Bones include chicken wings, chicken necks, lamb and pork ribs, chunks of lamb spine, and - for recreational chewing - larger lamb bones.


----------



## Lene (Jan 18, 2013)

Hi Amy...

Your dog needs some bones in her diet... Dog's teeth and stomachs are designed to chew and digest these raw...

You don't need to go on a raw diet, but you do need to give your baby some raw bones... Chicken necks and wings are perfect... The raw you're feeding at the moment is good, but does not do much for your dog's teeth...


----------



## Ms_Lucy (Jun 24, 2012)

Such great advice everyone. Thank you all so much. I'm going to the butcher to buy some chicken necks. I've given them to her chopped up before, but I'll let her work on a whole one and see what she does. I think she'll go nuts for lamb bones. The place I buy her raw food carries RMB's, but the bones are larger than she is!


----------



## CT Girl (Nov 17, 2010)

I would not chop up the chicken neck as you want her to chew as much as possible. Good luck, I am sure she is going to love it.


----------



## faerie (Mar 27, 2010)

feed it frozen too. it makes it last longer. more of a work out.


----------



## CT Girl (Nov 17, 2010)

Good point, I also feed frozen.
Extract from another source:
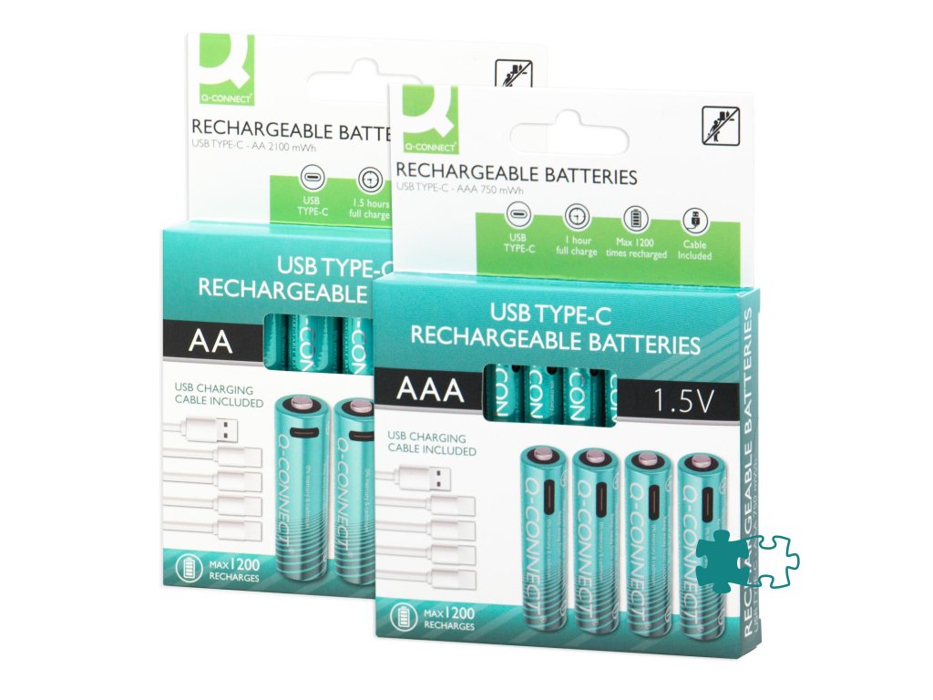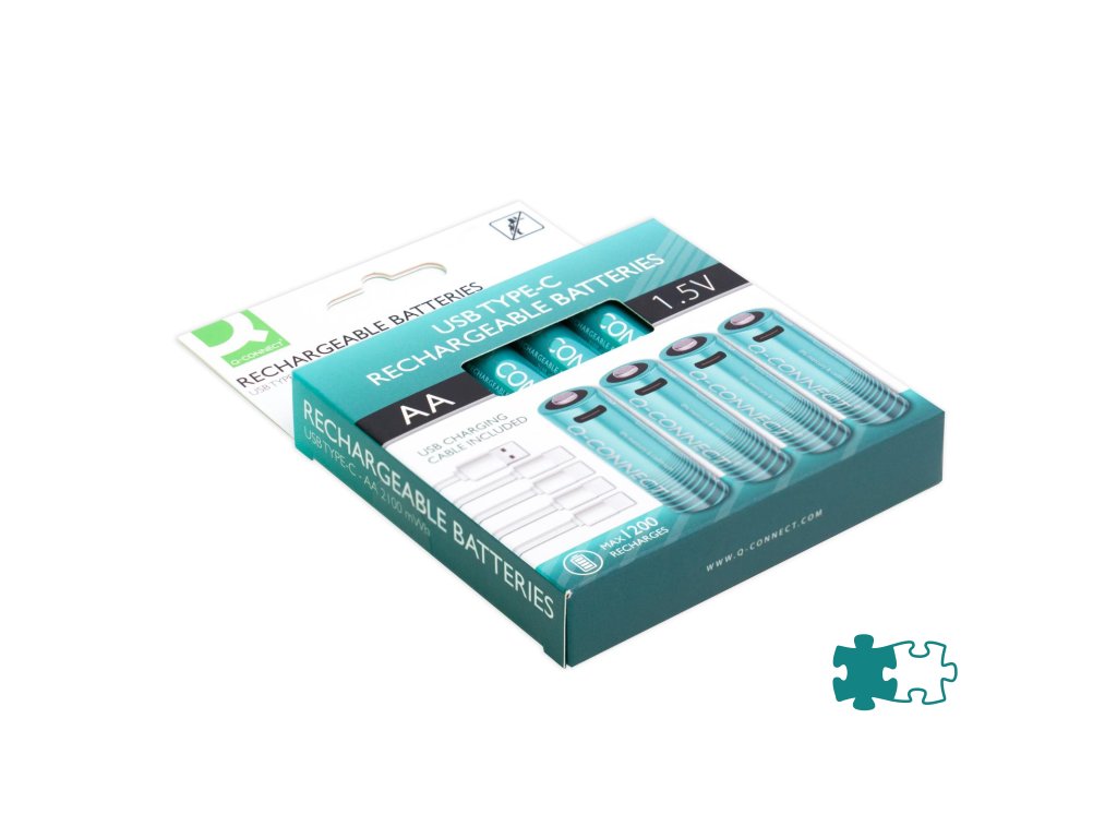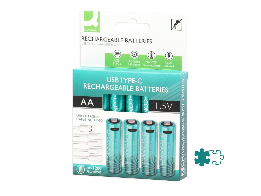 Nabíjteľné AA batérie Q-Connect, ktoré je možné jednoducho nabiť pomocou pripojenia USB-C, rovnako ako napríklad telefón. Doba doba nabíjania je 2-3h. Súčasťou balenia sú 4 ks nabíjateľných batérií a 1 ks kábla.Dodatočné parametre

Think of it as a meat pop.


----------



## NorthJerseyGirrl (Aug 15, 2011)

Keep in mind, the danger is bones that are too small, not too big. If small, the dogs try to gulp them down and they may get stuck. Feed a bone they can't gulp and take it away when it gets small and gulpable.


----------



## Ms_Lucy (Jun 24, 2012)

Lucy loved her chicken neck! I've fed her ground necks in the past, so I had to help her a bit, but she figured it out fast enough and within five minutes the neck was gone. I did cut it in half. Next time I won't though. 

One last chicken neck question, how often do you feed your dogs necks to clean their teeth?


----------



## CT Girl (Nov 17, 2010)

About every other day. I f you notice her poops getting too hard just feed some chicken hearts or gizzards. I keep a serving size dozen on hand.


----------